Matthew 20:20-27 is sometimes used to show that no one can exercise authority among God's people and, therefore, elders cannot exercise authority among God's people. But this passage deals with a problem among the apostles regarding the kingdom ("Command that these my two sons may sit, one on they right hand, and one on thy left hand in thy kingdom." v. 21) and has nothing to do with elders and a local church. Moreover, the Lord, further, said, "Ye know that the rulers of the Gentiles lord it over them, and their great ones exercise authority over them. Not so shall it be among you."
The "authority" of the "rulers of the Gentiles" had to do with the imposition of their will on as many as possible and that without their consent and their will became law. Elders, in their oversight, become such by appointment after having been looked out by the church. They oversee the church carrying out, not their own will, but the will of Christ and, without making law, oversee in harmony with the law of Jesus Christ. It seems to this writer, that Matthew 20:20-27 is not a passage that prohibits the oversight and rule of elders.
But some brethren want to take the oversight away from elders by having all oversight decisions submitted to a business meeting of the men of the church for approval. This, for all practical purposes, puts the elders under the oversight of the church and this, no passage of Scripture indicates, is what the Lord wanted. The sheep were not to tend the shepherds but the shepherds were to tend the sheep.
But if the elders have the oversight of the decisions upon which the church is to proceed, this makes dictators of the elders, some say. And they are "lording it over the charge allotted" to them, that which the apostle forbade.
If this be the case, then WHO is to take the oversight of the final decisions as to, e.g., which evangelist shall work with a church, which evangelists shall hold its meetings, at what time shall the church assemble, who shall be helped benevolently and how much help shall be given? Who shall have the oversight of these decisions? They must be made and they must be finalized. Who shall do it? If the fact that the elders having the oversight of such decisions makes them dictators, then if the men in a business meeting have the oversight of such decisions, this makes them dictators lording it over the flock. The rule works just as well in one case as it does in the other. This, of course, is not dictatorship but a responsibility assigned by the Lord and it should not be attacked.

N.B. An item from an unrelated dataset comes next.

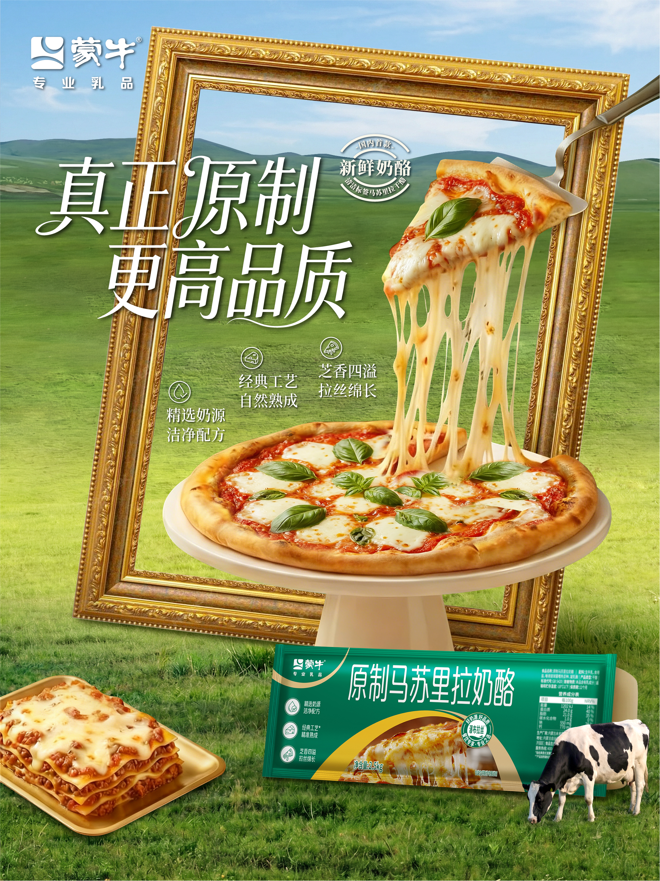 蒙牛集团旗下专注餐饮服务的专业品牌“蒙牛专业乳品”打造的清洁标签原制马苏里拉奶酪,应用“从牛奶开始,而非从凝乳块开始”的传统原制工艺。这不仅是高品质饮食体验与消费升级的直观体现,也为优化奶酪品类格局、回归产品真实价值指明方向。

An attack on authority is seen in the issues that have been raised as to the role of women in the church. Unfortunately, standards that have been developed and adopted in the world have become a rallying point for some who do not care enough to be guided by the very best. The claim, fundamentally, that seems to be made is that, in all respects, men and women stand on an equal footing and, therefore, as respects function in the church, women are open to the same consideration, functionally, as men.
God has never left women out in the cold as to His church. Women can, and should, be hospitable like Lydia (Acts 16:14,15), helpful like Dorcas (Acts 9:36-43), a co-teacher with her husband like Priscilla (Acts 18:24-26), teachers like Lois and Eunice (II Timothy 1:3-5; 3:14), teachers as in Titus 2:1-5, servants of the church like Phoebe (Romans 16:1,2).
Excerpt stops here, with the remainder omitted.